Openings in top plates bear the risk of letting spilled liquids or particles enter through the opening into the interior of the household appliance. For example, such liquids may damage the valves or electronics within the appliance that is covered by the top plate. It is further desirable to have essentially flat surfaces in order to enhance the cleaning capabilities of a cooktop.

It is thus an object of the present disclosure to provide an improved control element for a cooktop, in particular for a gas cooktop, that allows for a reliable transmission of a movement of the control element onto a control shaft.

Accordingly, as a first aspect of this disclosure, a control element in particular for a gas cooktop is presented, the control element comprising: a handling section; a base section for covering at least part of an opening in a plate; and a first coupling section attached to the base section, wherein the first coupling section protrudes from the base section and includes at least one recess for receiving a corresponding protrusion and/or includes at least one protrusion for engaging with a corresponding recess. The coupling section further comprises at least one magnetic element for generating a magnetic pull of the control element with respect to a control shaft, for example.

The magnetic element may provide for a proper position of the coupling section with respect to another coupling section or element.

It is understood that the magnetic element also includes a ferromagnetic element or magnetic pieces, as for example neodyme magnets. "Magnetic pull" shall include an attractive or repellent force depending on the orientation of the magnetic field with respect to another magnetic field or an ferromagnetic element.

For example, the handling section is suitable for being gripped and operated by a user of the cooktop. The base section, for example, covers an opening in a top plate of the cooktop, so that spills, such as liquids or particles, cannot enter the cooktop or appliance through the opening.

It is an advantage of the control element that its height can be reduced with respect to conventional control knobs. The combination of the mechanic coupling with the magnetic coupling allows for a reduction in the aspect ratio of the overall height, in particular a height above a corresponding top plate and its radial extension, as for example the diameter of the base section.

In embodiments, the magnetic elements are implemented to generate an asymmetric magnetic field with respect to a center axis of the control element.

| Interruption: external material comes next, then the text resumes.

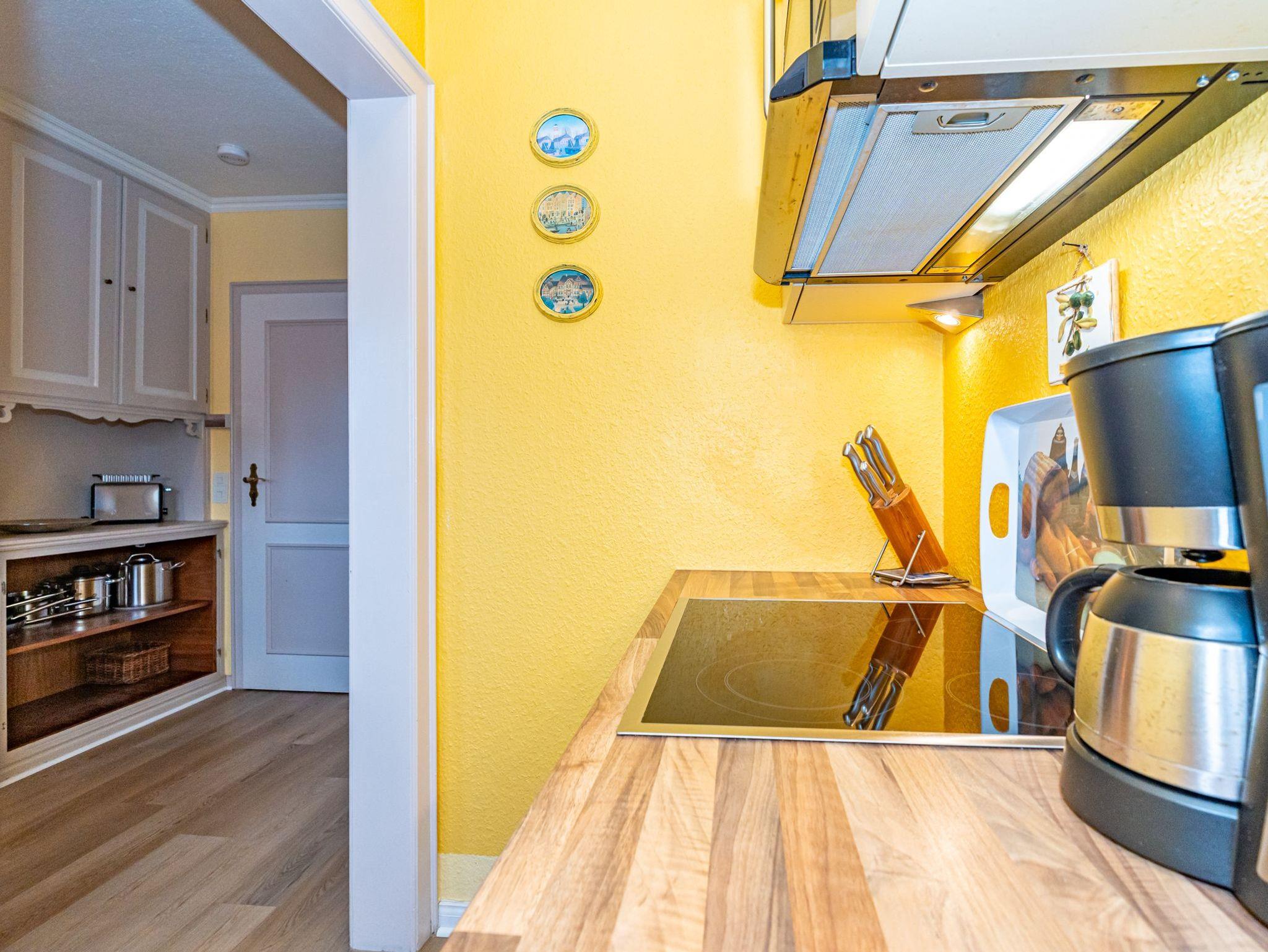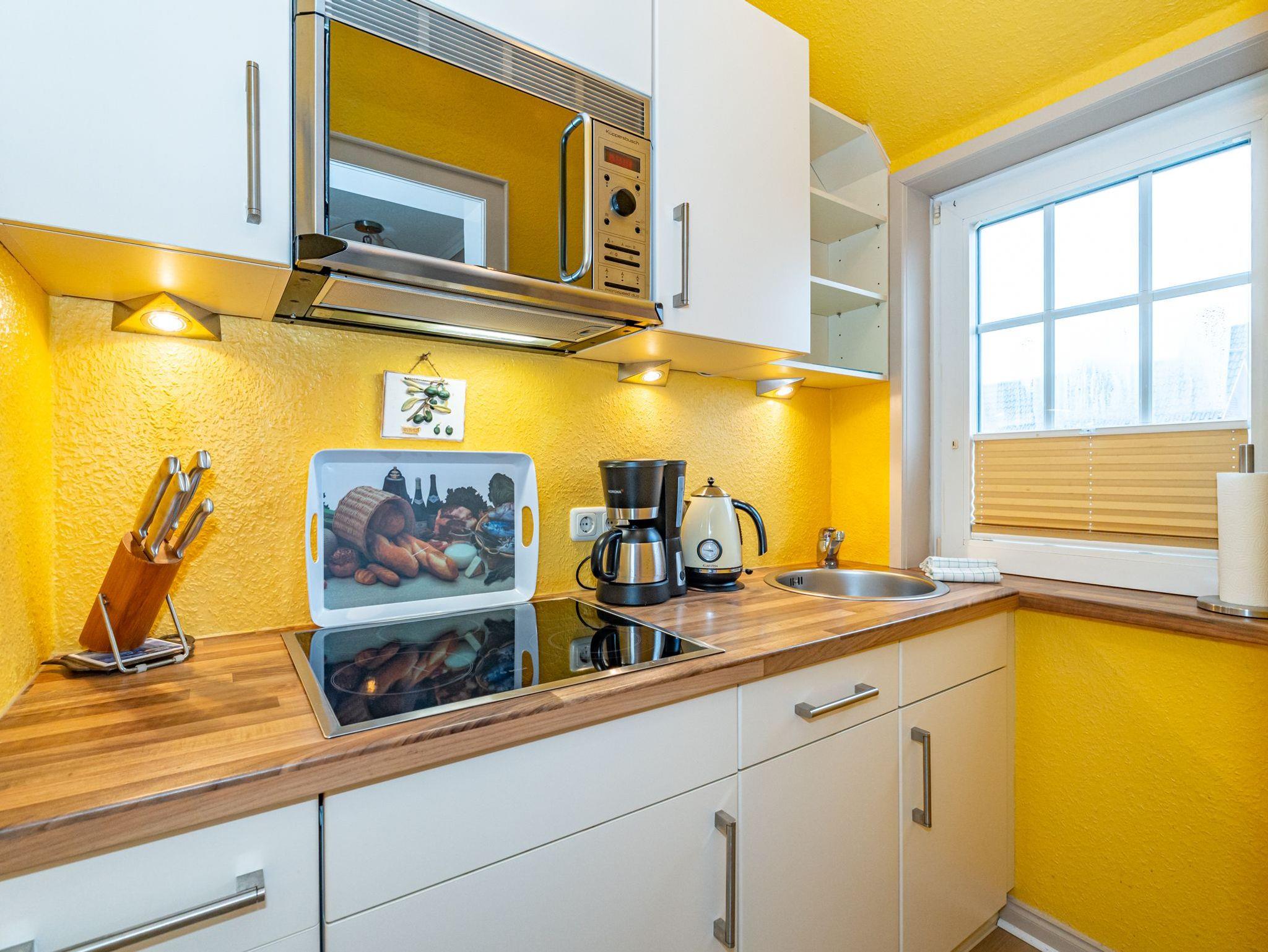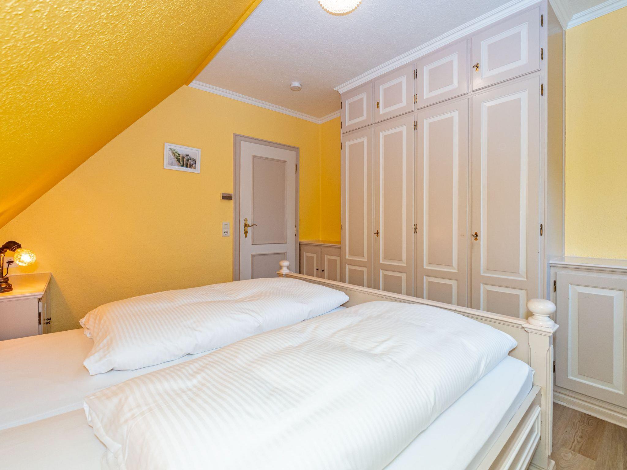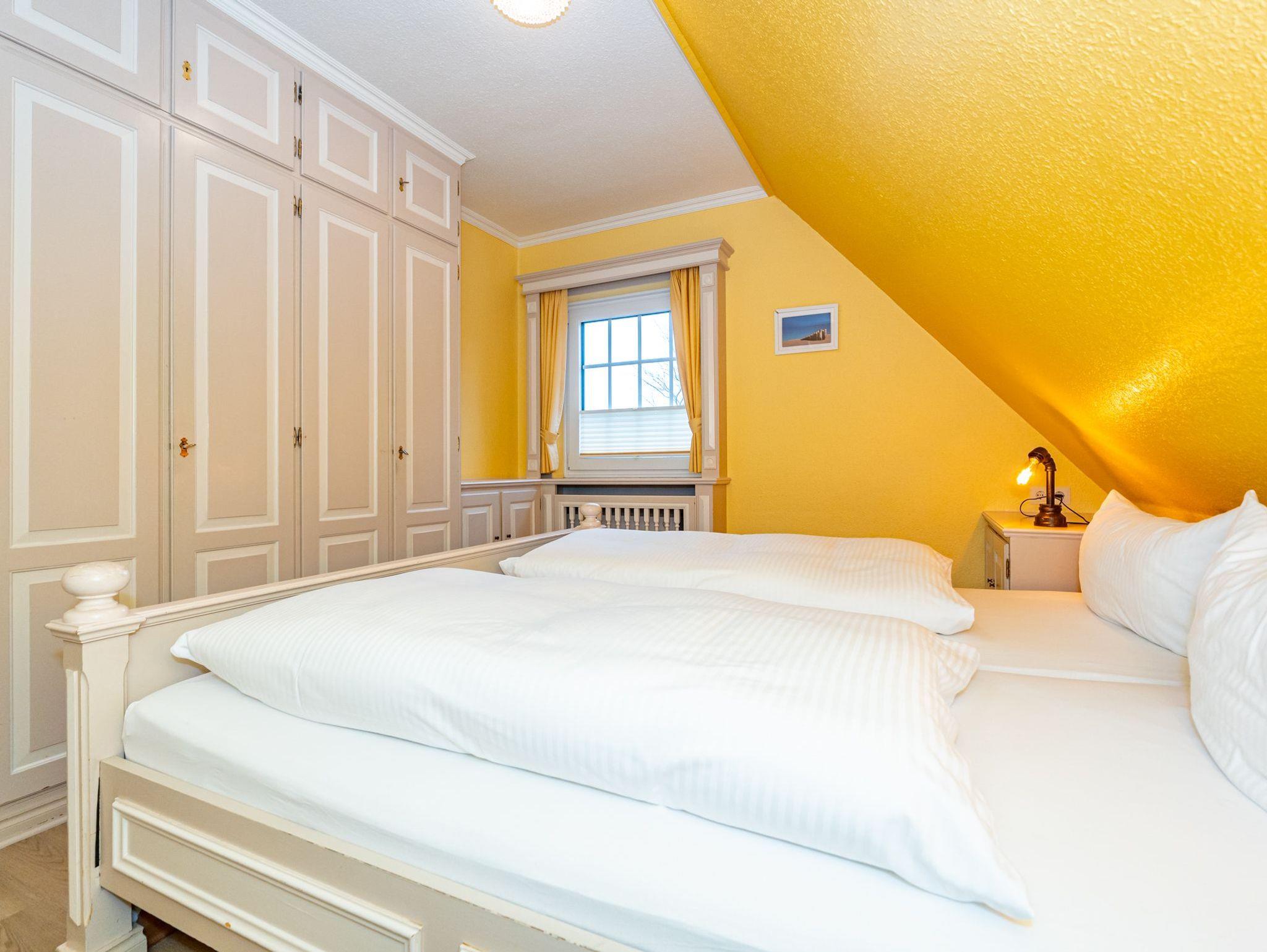 Das fünfte Apartment liegt im 1. Obergeschoss des Hauses und bietet auf 50 Quadratmeter Platz für 4 Personen. Im Wohn- und Essbereich befinden sich zwei gemütliche Alkovenbetten. Das abgetrennte Schlafzimmer verfügt über ein Doppelbett. Die separate Küche grenzt an den Wohnbereich. Bequeme Sitzmöglichkeiten runden das gemütliche Ambiente ab. Das Badezimmer ist ausgestattet mit Dusche, WC und Waschbecken.

The control element may include an axial extension and a radial extension. One may consider the axial extension colinear with a rotational axis of a handling section under use of the control element. Using an asymmetric magnetic field, magnetic forces can be created that put the control element into place with respect to a reference magnetic field, which is, for example, implemented in a fixed fashion at the gas cooktop. One may obtain a poka-yoke functionality in order to ensure the correct control element position with respect to a further coupling element. In an embodiment of the control element, the coupling section comprises a receptacle or compartment for accommodating the at least one magnetic element. For example, the receptacle can have a lateral opening into which a magnetic piece or element can be inserted. Preferably, a receptacle receives the magnetic elements or a plurality of magnetic elements in a fixed fashion.

In embodiments, the recess is an elongated recess, as, for example, a gap, a slit or a notch. In embodiments, the protrusion is an elongated protrusion, in a particular an index, a rib, a fin or a ridge.

The recess or protrusion are in particular implemented to realize a form fit with a correspondingly shaped protrusion or recess in another element, as for example a second coupling element. An elongated recess or protrusion has, for example, an extension that is orientated radially with respect to an axis of the control element. One can also contemplate of form-fit couplings includes recesses and/or protrusions that are point-like or pin-like and allow for a rotational transmission of a movement of the control element onto a corresponding coupling element.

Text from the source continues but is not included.